Chinese services account for one-fifth of Garuda’s total international passenger numbers, the airline notes. On a group level, this proportion rises to 7%.
In the wake of Saudi Arabia’s decision to suspend visa issuance for pilgrims and tourists on 27 February, Garuda says it is still operating 24 weekly flights from Jakarta to Jeddah and Madinah, partially to accommodate the return of pilgrims to Indonesia. The airline has not specified the financial impact of the visa suspension, but states its intent to “continue to fulfil its responsibilities in line with its [flight] schedule, and to comply with terms and conditions”.
Discussions with aircraft lessors on lease extensions and rate reductions, as well as contract renegotiation with other parties, are also under way as the airline tries to reduce costs.
Garuda disclosed these measures after being queried by the Indonesia Stock Exchange on two reports dated 28 February in newspaper Tempo on Garuda’s international network and maturing debt, as well as a 27 February online report by CNBC Indonesia on the Saudi visa suspension.

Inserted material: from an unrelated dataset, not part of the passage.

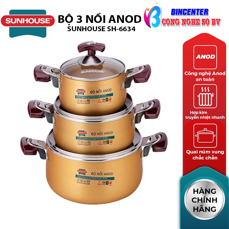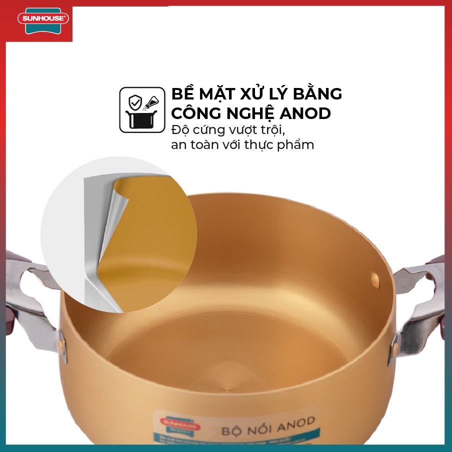 Bộ Nồi Nhôm Anod SUNHOUSE Cao Cấp SH6634, Bộ 3 Nồi Sunhouse Dùng Bếp Gas Bếp Hồng Ngoại - Hàng Chính HãngĐẶC ĐIỂM NỔI BẬT Bộ nồi Anod vàng Sunhouse SH6634

Regarding the debt that will mature in the coming months, Garuda states that it is still sourcing financing both within Indonesia and overseas, and hopes to “secure the funding based on favourable market conditions, while still fulfilling the applicable regulations”.
The airline may consider using funds set aside for operations to pay off maturing debt, it adds.
Towards the end of February, Indonesia’s minister for state-owned enterprises Erick Thohir said that Jakarta was looking to restructure Garuda’s debts, as the maturity of one of its bonds, with a face value of $500 million, drew close. The bond in question is likely to be a 2015-issued, $500 million, 5.95% sukuk which matures in June.
At the start of this year, Garuda delayed plans to raise $900 million to refinance its debts, as its financial results for 2019 would not be ready for an extraordinary general meeting that was scheduled for January.
Garuda was planning to seek shareholder approval for three fundraising options: a global sukuk issuance, a private placement, or peer-to-peer lending. The fresh debt would have been used either to refinance the sukuk or clear debts with a one-year repayment term.